"Fuoco nell’arte"

Il fuoco come forma d’arte, simbolo di cambiamento e rinnovamento, nel segno della distruzione e della rinascita.
Un messaggio intenso, offerto dall’artista di Policoro Remo Bevilacqua, grazie ad un happening, un momento d’arte incentrato non tanto sull’oggetto ma sull’evento e sulle sensazioni che riesce a scatenare.
Una vera e propria esigenza per chi si nutre d’arte e attraverso di essa vuole esprimere le sensazioni e le emozioni della quotidianità della vita.

L’happening fuoco dell’arte nasce improvvisamente, accade per cas – ha spiegato Bevilacqua – L’idea nasce dal continuo assistere di notizie spiacevoli fino a diventare saturo e ad esplodere, così, in una fiamma generata dal desiderio di “appiccare” idee nuove, rigeneratrici per il mondo, per la gente.

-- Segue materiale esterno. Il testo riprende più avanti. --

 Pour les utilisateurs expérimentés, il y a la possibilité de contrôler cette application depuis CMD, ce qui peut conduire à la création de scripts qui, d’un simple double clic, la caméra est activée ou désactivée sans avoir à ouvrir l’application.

L’arte non è ragionevolezza limitata in senso kantiano, l’arte non è arte se arte non manifesta.
Il fuoco dell’arte prende vita e si fotografano le varie fasi fino al suo spegnimento accompagnato da parole dell’autore che ne “ordina” lo spegnimento e ripartire, così, verso nuovi traguardi, nuovi orizzonti e ri-colorare il grigio della cenere rimasta in terra in nuove e più calde tonalità cromatiche.
Fuoco dell’arte è un invito alla riflessione, un ricorso storico che dall’esplosione.

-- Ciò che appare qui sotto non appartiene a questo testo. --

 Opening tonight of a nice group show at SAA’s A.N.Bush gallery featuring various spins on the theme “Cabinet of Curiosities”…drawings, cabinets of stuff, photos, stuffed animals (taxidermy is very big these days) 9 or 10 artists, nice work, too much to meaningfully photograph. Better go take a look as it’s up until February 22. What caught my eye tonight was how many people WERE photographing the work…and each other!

Torna ad implodere su ordine e gestione dell’artista che lo realizza nello spiazzo di casa sua per restare in intimità con l’arte e i suoi effetti.

L’acqua non spegne il fuoco dell’arte – ha concluso l’artista – ma solo l’autore sa come fare per domarne le fiamme recitando pubblicamente parole e pensieri”.
La necessità di un evento d’arte appartiene così solo all’artista anche se riesce a catalizzare l’attenzione di tanti che si riconoscono in questa particolare forma d’arte.
Così è accaduto a Bevilacqua: attorno a lui, di li a poco e senza premeditazione, si riversano fiumi di persone, richiamati dall’intensità di una riflessione sulla vita e sull’esistenza.